Friday, September 9, 2011

A pickpocket and the police museum. My welcome to China.


Day 1: Arrive in Beijing. Get ripped off by our cab driver. Find our hotel and crash.

Day 2: Walk around in circles. Get our bearings. Visit Jingshan Park, thinking we are visiting the Forbidden City. Realize our mistake, but hang in the park for a while anyway and attempt to twirl some ribbons with the old ladies. Visit the Forbidden City for real. It was super cool, super crowded, and completely exhausting. I think we were still suffering from a bit of the jet lag. Anyway, next: eat lunch and visit Tiananmen Square. Head back to the hotel for a shower and nap. Get up. Walk to Houhai Street on the lake for dinner. Walk back to the hotel and sleep like I’ve never slept before.

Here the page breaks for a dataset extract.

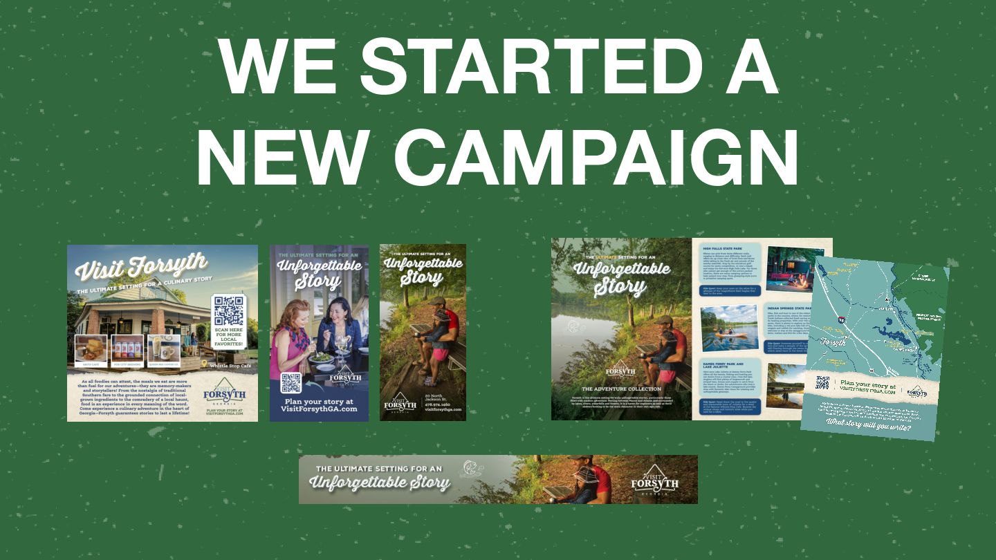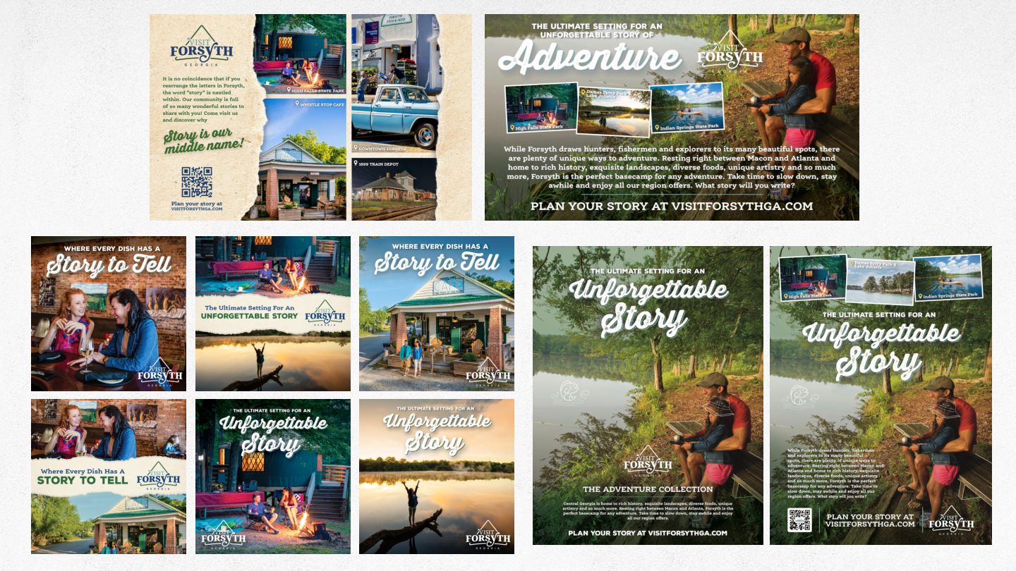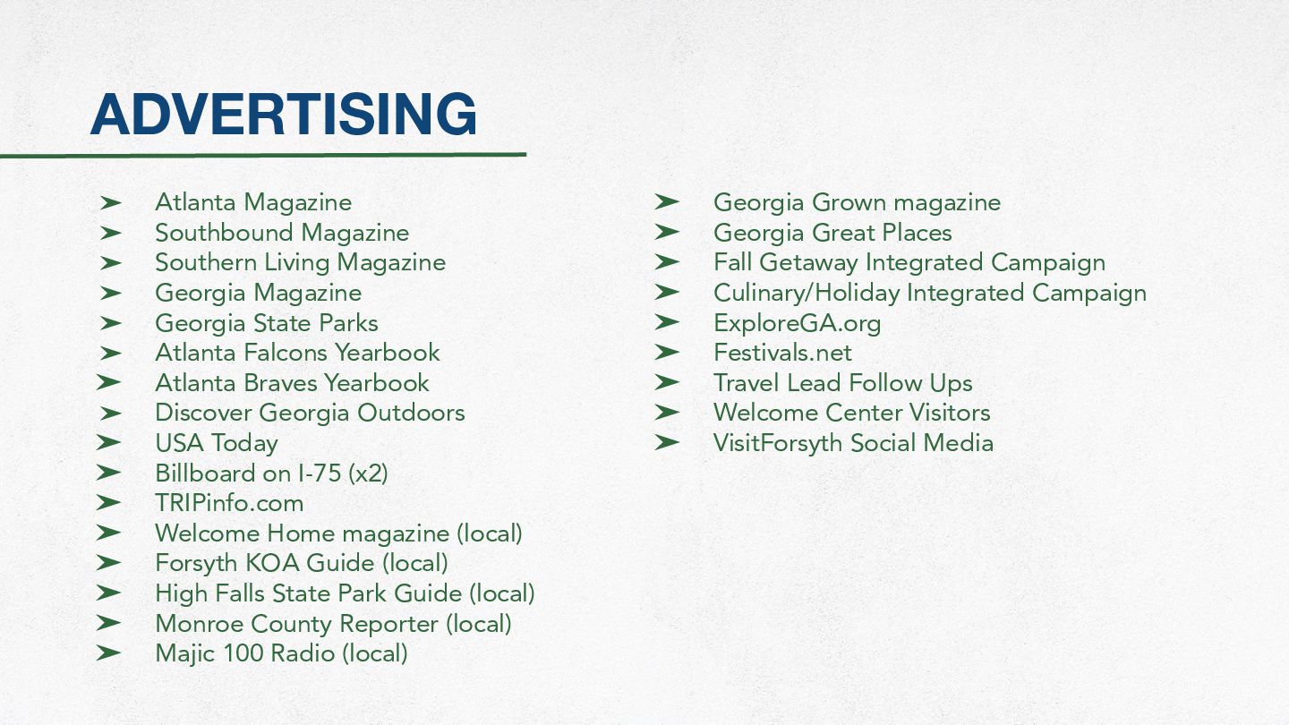 Magazine ➤ Georgia Magazine ➤ Georgia State Parks ➤ Atlanta Falcons Yearbook ➤ Atlanta Braves Yearbook ➤ Discover Georgia Outdoors ➤ USA Today ➤ Billboard on I-75 (x2) ➤ TRIPinfo.com ➤ Welcome Home magazine (local) ➤ Forsyth KOA Guide (local) ➤ High Falls State Park Guide (local) ➤ Monroe County Reporter (local) ➤ Majic 100 Radio (local) ➤ Georgia Grown magazine ➤ Georgia Great Places ➤ Fall Getaway Integrated Campaign ➤ Culinary/Holiday Integrated Campaign ➤ ExploreGA.org ➤ Festivals.net ➤ Travel Lead Follow Ups ➤ Welcome Center Visitors ➤ VisitForsyth Social Media

Day 3: A and I went to the Police Museum where we learned about the overall superiority of the Chinese coppers at such things as breaking prostitution rings, crushing revolutions, and thwarting evil doers in general. We also learned that the police forces from other countries tend to give really bizarre and occasionally crappy gifts. For instance, from the Americans, the Chinese received a plastic model of an NYPD cop car. From the Australians, a didgeridoo. From the Romanians, some weirdo figurines of folk dancers. And from the Russians, some hand-woven tapestries. It all seemed a little knick-knacky to be bestowed upon a lethal fighting force, but served as a good segue way to our next destination: the Beijing Antique Market, where, in another good segue way, I was the target of an attempted pick-pocketing.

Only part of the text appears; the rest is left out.